■多岐にわたる「レトロゲーム」のニーズ

 岡嶋さんいわく、レトロゲームのコレクターの多くは「美品」を求める傾向が強いそう。ただ、ソフト、箱、取扱説明書などがキレイな状態でそろったものはなかなかレアな存在。そのため、バラバラに購入する人も少なくないのだとか。

「まずロムだけを購入して、箱付きがあったらまた購入して、キレイな説明書が見つかったらそれを買って……と、コレクションをアップデートしていく方も多いんです。だから、箱だけでも説明書だけでも、ニーズがあるんですよ」

 最近は、「動かないゲーム機でも買い取ります」みたいな広告もよく目にしますが、ハードオフでも動かないハードや反応しないソフトを買い取っているんですか?

「もちろんです。動かなくても汚くても、大丈夫です」

 ソフトの箱や説明書はまだわかりますが、なぜ壊れて動かないものにニーズがあるのか……。岡嶋さんに聞いてみると、意外な答えが返ってきました。

「それでも売れるからです。その要因のひとつとして、個人で修理してしまう人が増えたことがあるのではないでしょうか。昔だったら機械に詳しい人でなければ修理なんてできませんでしたが、最近では、Youtubeにハードやソフトの直し方の動画をあげている人がけっこういますよね。その影響で、自分で直してみようという方が増えたんだと思います」

 ハードオフといえば、動作が保証されていない商品を扱う「ジャンクコーナー」が名物ですが、そんなレトロゲーム人気に後押しされてか、ジャンクコーナー人気も上昇中なのだとか。ちなみに、自分の名前が書いてあるソフトでも、ちゃんと買い取ってくれるそうです。

 コレクションやリサイクルなど、購買層のニーズはさまざまで、どんな商品でも売れてしまうほど盛り上がっているレトロゲーム市場。ただ、ここでもう一つ気になることがあります。新品のゲームと違い、すでに生産が終了しているゲームは再販されない以上、世の中にある数には限りがある。そして売れれば売れるほど絶対数は減っていき、その分、希少価値は高くなる一方のはず。はたして仕入れは人気に追いついているのか。さらに品切れになってしまうことはないのでしょうか。

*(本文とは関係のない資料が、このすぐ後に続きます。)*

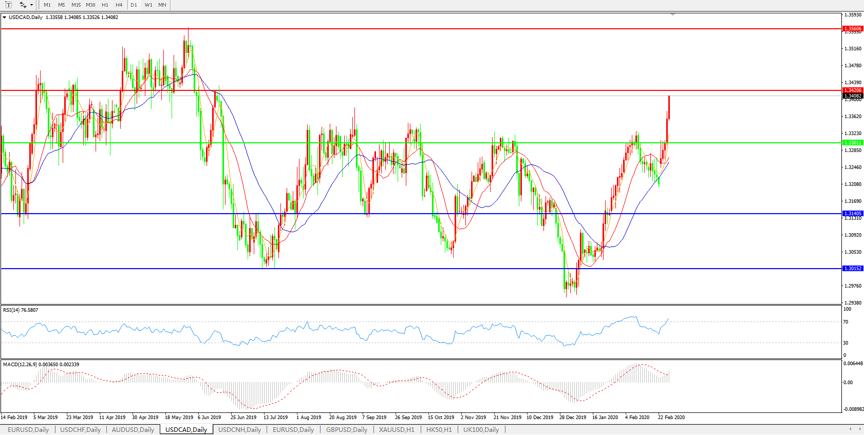加元汇价在周四延续此前颓势,美元兑加元在欧洲时段升至1.3359,创2019年9月3日以来近半年新高,原因在于国际原油价格继续暴跌至一年余新低,因而虽然美元本身走弱,兑更弱加元仍创出新高;全球范围内由公共卫生风险事件而引发的避险情绪在日内仍在继续发酵,市场更担心全球经济活动因为当前的生产与商务活动中断,而遭受难以挽回的影响,这在能源需求领域表现得最为显著。日内NYMEX原油跌破48美元之后仍继续跳水,与油价关联的加元因而也受到连带拖累; 而后,美国经济数据正受到密切关注,然而这可能带来双重影响,如果数据向好,美元走强将进一步推动美元兑加元走升,下一步将上看1.3383的前期高位,反正,则美元兑加元可能短线小跌,然而美加两国经济关联密切一损俱损,因此对风险情绪更敏感的加元在短暂反弹后,仍可能兑美元进一步承压。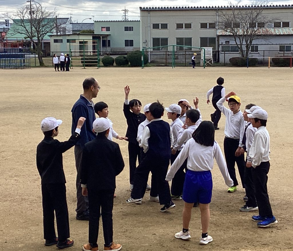 昼休みに、4年生の男の子たちが、校長室の窓から声をかけてくれました。挨拶のできる4年生。かわいらしいです。「校長先生、担任の先生と遊ぶから、待ってます!」と、何人かの子が、嬉しそうに教えてくれました。担任の先生が見えると、さーっと寄ってきて、鬼ごっこの話をし始めました。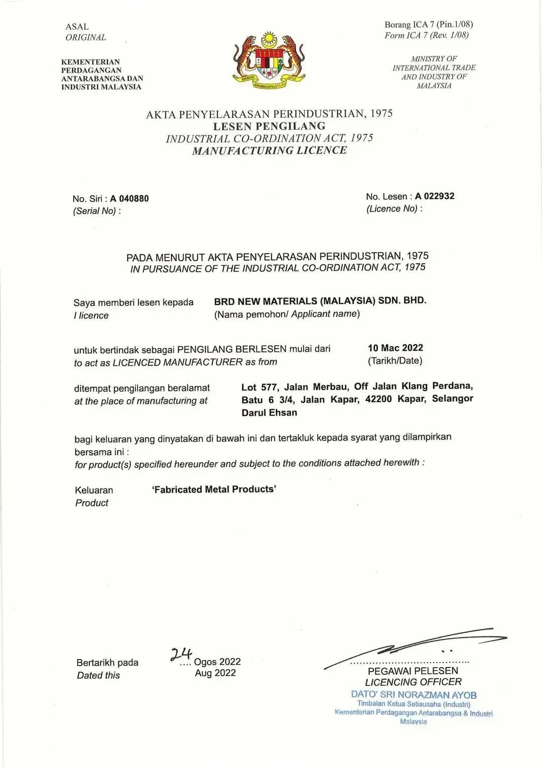 寶潤達新材馬來西亞公司已獲鋼結構生產執照。

「これだけ市場が盛り上がっているとはいえ、日本にまだまだレトロゲームが眠っています。都市部以外のエリアでは、昔お子さんが住んでいたお部屋から掘り出し物が見つかったり、ご実家を掃除した際にたくさんのゲームが出てきたりというケースがまだあるんですよ。とくに年配の方はゲーム体験をしていませんから、ゲームが売れるとは思っていない方も少なくないんです。でも最近では店で買い取りしていることに気付いて、持ち込んでくれる方も増えてきました。え、こんな値段になるの? って驚かれる方も多いですよ(笑)」

“ゲームが好きだから欲しい!”という健全な欲求が市場を動かし、今後も多くの人がレトロゲームを楽しめることを願わずにはいられません。

 

■プロフィール
株式会社ハードオフコーポレーション 執行役員
岡嶋雄一さん
直営店舗運営部部長。中古品の買取・販売店として、日本全国・海外に900を超える店舗を構えるハードオフグループの直営店を管轄。